Since science is so hard, there is a lot of bad science out there. What gets reported in the wider media has all sorts of weird selection bias, never mind what gets picked for publication in journals. Anecdotes are human stories and they are deeply connected to why we care. Statiscal tools can be used in ways that justify harm people in the name of greater good. I agree that scientific medicine provides tools for "real"'medicine that other methods don't. I just think we should remember to real peoples stories, especially if they are true. Anyone reading this probably gets that one can't exactly counter balance the effect of anecdotes within themselves. But it can still be countered some, I think it's worth it to hear stories (that are relaxant to the topic). Now what is the basis of my beliefs? Mostly intuition, not rationality. But I don't think it's possible to undermine my ideas with some kind of experimentally bases argument. There's just way to many variables!

1 comments

I don't understand the part about Stalin's advice. What was Stalin saying would happen if you ignored anecdotes? How do you figure he was talking about the value of anecdotes?
He was talking about undertaking large activities (war for example) that would kill hundreds of thousands of people could be tolerated politically by a populace in a way that a single murder might cause an outrage. The large numbers make the horror abstract. It's easier for people to relate to a story about a specific individual.

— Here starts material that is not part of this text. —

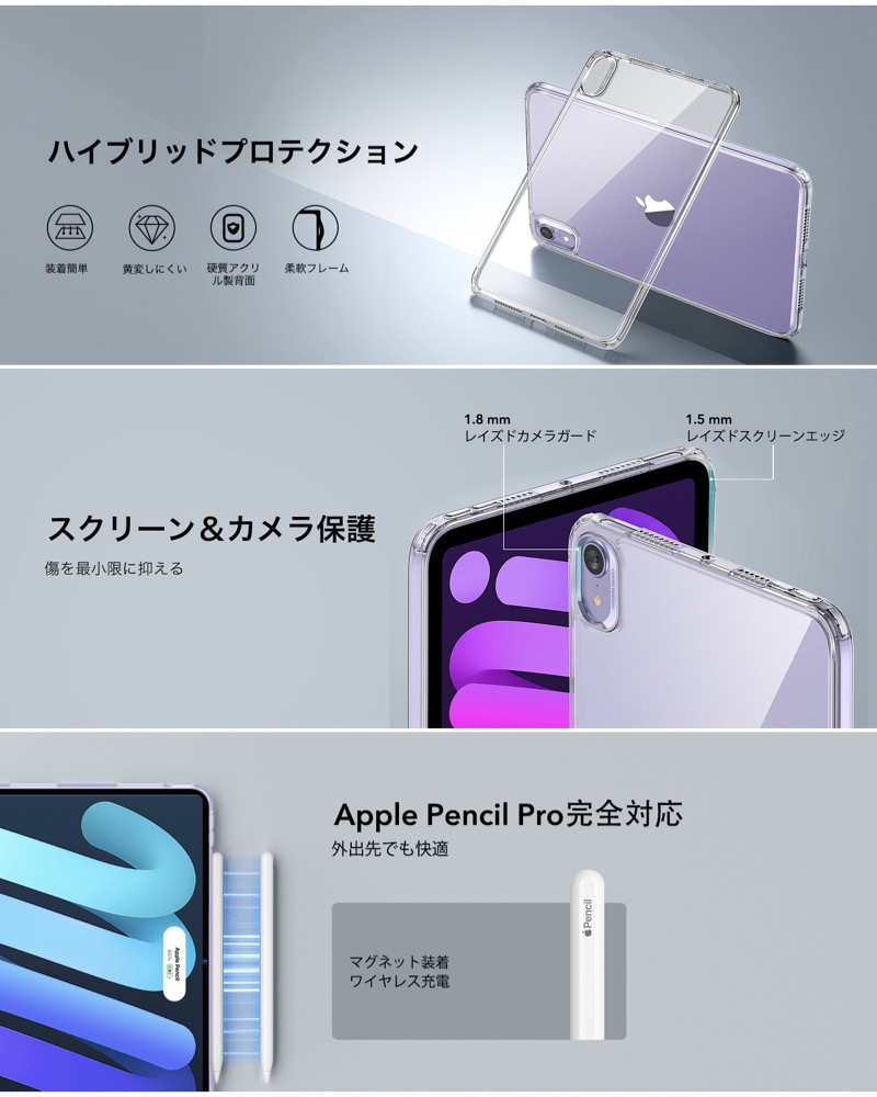 | iPad ケース | 【透明度抜群】 傷に強いポリカーボネイト背面は、iPadを傷から保護でき、黄変しないので、長期間にわたりiPadオリジナルの美しさを保つことができます。 【スリムで軽量】 スタイリッシュなデザインと高品質素材により、このClassic HybridケースはiPad miniの軽量さや薄さを損なうことなく、ダメージからiPadを保護することができます。 【ハイブリッド保護】 柔軟なポリマーフレームと硬いポリカーボネイト背面、衝撃吸収エアガードコーナー、スクリーン・カメラ周辺の縁を高くした設計を組み合わせることで、iPadを落下や傷から包括的に保護することができます。 【Apple Pencil 2対応】 側面を精確にカット加工し、Apple Pencil 2のために十分なスペースを確保しているので、ケースをつけた状態で、磁気を利用してiPadに引っ付けてペアリング・充電することができます。 ・各ボタンまでカバー、精確なスピーカー穴カットアウト、隅々までカバーする保護力 大事なiPadだからこそこだわりが詰まったESRケースを選んでみてはいかがでしょうか。 |

The quote (and variations) are quite famous, it might be apocryphal, but I think it is true. Hearing about hundreds of thousands of people massacred in a foreign land doesn't hit home when you are reading about far away.

That's why reporters (New York Times style)try to weave in illustrations and stories about individuals even when discussing a larger trend.

Funny thing, I always took this quote as Stalin cynically remarking on exactly OP's point: people overweight anecdotes by thousands to millions of times their actual worth as Bayesian evidence.